Data segment »
= Beginning of Section =

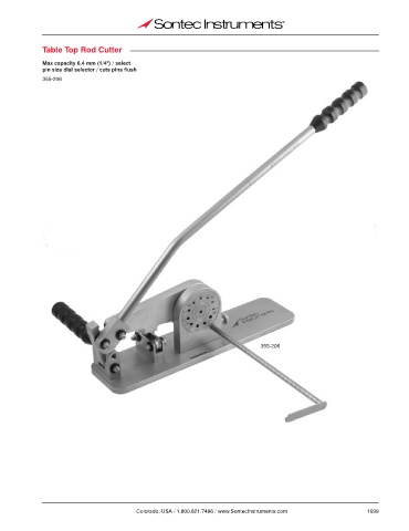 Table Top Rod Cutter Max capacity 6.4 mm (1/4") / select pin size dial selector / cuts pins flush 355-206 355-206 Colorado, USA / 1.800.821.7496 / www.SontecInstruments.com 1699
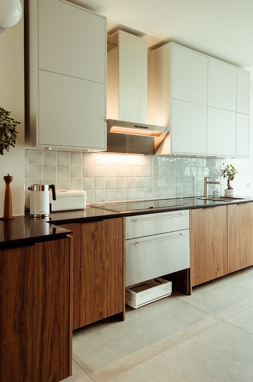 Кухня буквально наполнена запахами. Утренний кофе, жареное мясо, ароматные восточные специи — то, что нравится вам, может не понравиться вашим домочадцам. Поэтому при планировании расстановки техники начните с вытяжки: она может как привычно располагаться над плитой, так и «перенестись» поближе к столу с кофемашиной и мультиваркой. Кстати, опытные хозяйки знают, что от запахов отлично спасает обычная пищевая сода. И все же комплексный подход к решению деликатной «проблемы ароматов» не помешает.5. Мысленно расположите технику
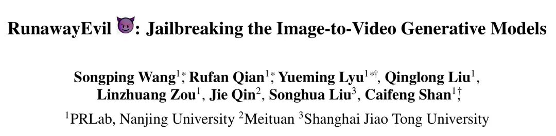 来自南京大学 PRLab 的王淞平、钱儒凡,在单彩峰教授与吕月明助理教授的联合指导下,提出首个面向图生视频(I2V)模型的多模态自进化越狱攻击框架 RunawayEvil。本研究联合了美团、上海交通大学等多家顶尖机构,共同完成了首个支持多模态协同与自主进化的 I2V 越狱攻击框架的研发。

= End of Section =

Your task is to repeat exactly the lines from the beginning of the data to the line that contains "Кухня буквально наполнена", both ends included, leaving out pictures.

 Table Top Rod Cutter Max capacity 6.4 mm (1/4") / select pin size dial selector / cuts pins flush 355-206 355-206 Colorado, USA / 1.800.821.7496 / www.SontecInstruments.com 1699
 Кухня буквально наполнена запахами. Утренний кофе, жареное мясо, ароматные восточные специи — то, что нравится вам, может не понравиться вашим домочадцам. Поэтому при планировании расстановки техники начните с вытяжки: она может как привычно располагаться над плитой, так и «перенестись» поближе к столу с кофемашиной и мультиваркой. Кстати, опытные хозяйки знают, что от запахов отлично спасает обычная пищевая сода. И все же комплексный подход к решению деликатной «проблемы ароматов» не помешает.5. Мысленно расположите технику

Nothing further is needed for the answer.